Set the required system and model parameters in llm_benchmark_nvidia_amd.yaml for NVIDIA and AMD devices and in llm_benchmark_ipu.yaml for Graphcore

  • To pull the required container and build packages use container tag as:

    • NVIDIA A100 and H100 GPUs
    jube run llm_training/llm_benchmark_nvidia_amd.yaml --tag container H100
    • NVIDIA GH200 and JEDI GPUs
    jube run llm_training/llm_benchmark_nvidia_amd.yaml --tag container GH200
    • AMD MI250
    jube run llm_training/llm_benchmark_nvidia_amd.yaml --tag container MI250
    • Graphcore GC200
    jube run llm_training/llm_benchmark_ipu.yaml --tag container 
  • To run the benchmark with defined configurations for 800M GPT model with OSCAR data do:

    jube run llm_training/llm_benchmark_nvidia_amd.yaml --tag 800M A100

    A100 can be replaced with H100, WAIH100, GH200, JEDI and MI250 for the respective systems and 800M can be replaced with 13B and 175B for systems with more node resources like JEDI, H100, A100 and MI250.

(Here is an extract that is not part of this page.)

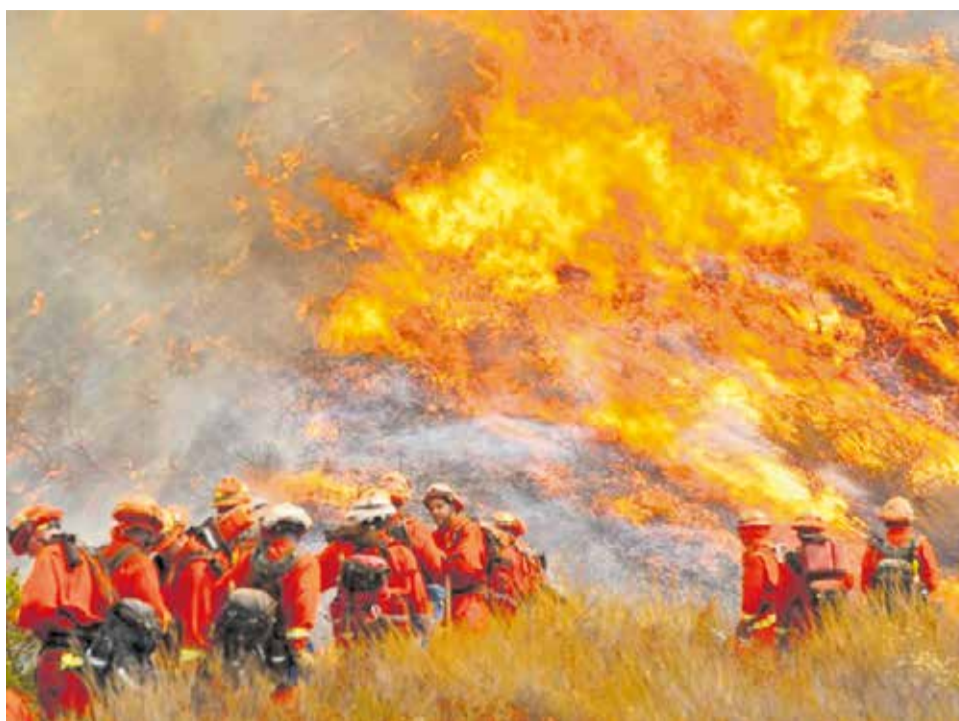
El fatídic incendi forestal de Montixelvo.

cent Mompó, i el diputat de Medi Ambient, Avelino Mascarell, arriba enguany amb una novetat destacada: la reducció a la meitat de la burocràcia. Segons han explicat, l'objectiu és agilitzar els tràmits perquè els ajuntaments puguin executar abans les actuacions preventives i millorar la resposta davant el risc d'incendis.

  • To run the benchmark with defined configurations for 117M GPT model on Graphcore with synthetic data do

    jube run llm_training/llm_benchmark_ipu.yaml --tag 117M synthetic

    If tag synthetic is not given, the benchmark will use OSCAR data

  • After the benchmark has been executed, use jube continue to postprocess results

    jube continue llm_training/llm_benchmark_nvidia_amd_run -i last

    OR

     jube continue llm_training/llm_benchmark_ipu_run -i last
  • After the postprocessing, to get the result do

    jube result llm_training/llm_benchmark_nvidia_amd_run -i last

    OR

    jube result llm_training/llm_benchmark_ipu_run -i last
  • Example result

JobID,System,Version,Queue,JobTime,Runtime(min),Model,ModelSize,Dataset,Nodes,Devices,GlobalBatchSize,PipelineParallel,TensorParallel,DataParallel,Iterations,Time/iteration(s),Tokens/second,Avg_TFLOPs/GPU,EnergyFile
13077019,MI250,2024.01,dc-mi200,00:15:00,10,GPT,800M,OSCAR,1,8,32,1,1,8,750,0.74,88620.76,69.35,CARAML/llm_training/llm_benchmark_nvidia_amd_run/000006/000002_combine_energy/work/combined_energy.csv

JobID,System,Version,Queue,JobTime,Model,ModelSize,Dataset,Nodes,Devices,DataParallel,IPU/replica,GlobalBatchSize,Time/iteration(s),Tokens/second,EnergyFile
13011841,GC200,2024.01,dc-ipu,00:40:00,GPT,117M,Synthetic,1,4,1,4,2048,11.17,183.37,CARAML/llm_training/llm_benchmark_ipu_run/000003/000002_combine_energy/work/combined_energy.csv

JobID,System,Version,Queue,JobTime,Runtime(min),Model,ModelSize,Dataset,Nodes,Devices,GlobalBatchSize,PipelineParallel,TensorParallel,DataParallel,Iterations,Time/iteration(s),Tokens/second,Avg_TFLOPs/GPU,EnergyFile
3914,JEDI,2024.01,all,00:34:00,30,GPT,800M,OSCAR,1,4,2048,1,1,4,25,26.52,158152.80,321.65,CARAML/llm_training/llm_benchmark_nvidia_amd_run/000025/000002_combine_energy/work/combined_energy.csv

JSC Specific Fixes

In order to use PyTorch torch run API on JSC systems fixed_torch_run.py fix is required. The fix solves the issue defined here.

Additionally the hostname is appended with an i for allowing communication over InfiniBand as described here.